• Work required:
From the line with "SAN BERNARDINO>> Sharon" through the line with "Nabha is the", inclusive, return each line of the data below exactly and leave the rest out.

• Task inputs:
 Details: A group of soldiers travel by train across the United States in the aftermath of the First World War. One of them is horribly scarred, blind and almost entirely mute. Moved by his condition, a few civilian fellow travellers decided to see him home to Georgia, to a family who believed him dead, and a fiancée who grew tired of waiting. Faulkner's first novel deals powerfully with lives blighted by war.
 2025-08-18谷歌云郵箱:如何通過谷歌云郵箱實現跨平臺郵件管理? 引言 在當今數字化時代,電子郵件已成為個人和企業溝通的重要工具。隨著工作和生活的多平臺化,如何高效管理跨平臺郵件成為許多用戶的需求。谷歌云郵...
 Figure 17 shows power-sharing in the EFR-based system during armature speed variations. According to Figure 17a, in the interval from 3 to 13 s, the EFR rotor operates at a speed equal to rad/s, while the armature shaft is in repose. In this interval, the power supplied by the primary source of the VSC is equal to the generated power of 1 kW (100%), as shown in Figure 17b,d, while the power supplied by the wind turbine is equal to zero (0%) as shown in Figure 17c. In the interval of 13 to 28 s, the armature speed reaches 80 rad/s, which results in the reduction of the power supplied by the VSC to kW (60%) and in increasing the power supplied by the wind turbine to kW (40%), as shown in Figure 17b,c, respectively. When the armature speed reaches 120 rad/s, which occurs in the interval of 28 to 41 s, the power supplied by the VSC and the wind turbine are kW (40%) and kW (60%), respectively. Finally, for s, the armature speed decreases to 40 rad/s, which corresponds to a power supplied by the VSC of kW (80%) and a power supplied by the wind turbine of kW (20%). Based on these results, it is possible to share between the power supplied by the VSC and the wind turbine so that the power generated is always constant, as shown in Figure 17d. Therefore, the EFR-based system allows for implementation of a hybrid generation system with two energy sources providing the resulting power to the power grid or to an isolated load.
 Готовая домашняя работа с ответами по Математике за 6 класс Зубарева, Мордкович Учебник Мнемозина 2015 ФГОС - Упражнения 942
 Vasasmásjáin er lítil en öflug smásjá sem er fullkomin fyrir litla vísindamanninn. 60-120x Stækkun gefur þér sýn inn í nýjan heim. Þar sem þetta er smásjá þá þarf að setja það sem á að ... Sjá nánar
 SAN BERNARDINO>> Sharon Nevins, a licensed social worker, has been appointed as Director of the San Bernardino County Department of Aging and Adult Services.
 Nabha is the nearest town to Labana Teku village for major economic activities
* * *
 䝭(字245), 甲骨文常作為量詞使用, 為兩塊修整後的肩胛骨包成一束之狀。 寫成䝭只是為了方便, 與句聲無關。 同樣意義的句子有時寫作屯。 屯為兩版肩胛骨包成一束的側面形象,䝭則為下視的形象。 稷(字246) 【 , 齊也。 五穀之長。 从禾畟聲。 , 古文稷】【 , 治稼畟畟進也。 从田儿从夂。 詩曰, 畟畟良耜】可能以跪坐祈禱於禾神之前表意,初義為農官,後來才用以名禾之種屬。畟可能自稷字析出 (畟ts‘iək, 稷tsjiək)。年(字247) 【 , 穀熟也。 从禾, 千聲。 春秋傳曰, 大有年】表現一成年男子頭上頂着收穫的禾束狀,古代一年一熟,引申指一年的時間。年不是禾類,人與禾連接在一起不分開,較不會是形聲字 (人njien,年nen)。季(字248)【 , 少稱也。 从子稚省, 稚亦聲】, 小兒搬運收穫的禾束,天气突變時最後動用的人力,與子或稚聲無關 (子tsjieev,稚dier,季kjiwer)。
---
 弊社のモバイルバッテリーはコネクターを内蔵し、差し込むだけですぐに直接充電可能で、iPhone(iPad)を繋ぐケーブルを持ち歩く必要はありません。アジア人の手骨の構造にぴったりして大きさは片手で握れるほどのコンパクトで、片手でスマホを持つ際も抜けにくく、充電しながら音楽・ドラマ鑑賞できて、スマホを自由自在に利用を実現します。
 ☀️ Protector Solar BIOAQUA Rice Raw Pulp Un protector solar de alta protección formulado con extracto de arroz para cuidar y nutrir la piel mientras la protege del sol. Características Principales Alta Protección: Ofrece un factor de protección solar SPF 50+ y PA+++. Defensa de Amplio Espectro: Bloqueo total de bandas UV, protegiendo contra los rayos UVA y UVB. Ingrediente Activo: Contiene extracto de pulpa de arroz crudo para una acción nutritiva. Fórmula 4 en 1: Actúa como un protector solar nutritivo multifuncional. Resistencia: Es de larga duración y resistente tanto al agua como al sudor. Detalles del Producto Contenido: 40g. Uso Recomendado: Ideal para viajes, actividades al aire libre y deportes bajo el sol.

• Written response:
 SAN BERNARDINO>> Sharon Nevins, a licensed social worker, has been appointed as Director of the San Bernardino County Department of Aging and Adult Services.
 Nabha is the nearest town to Labana Teku village for major economic activities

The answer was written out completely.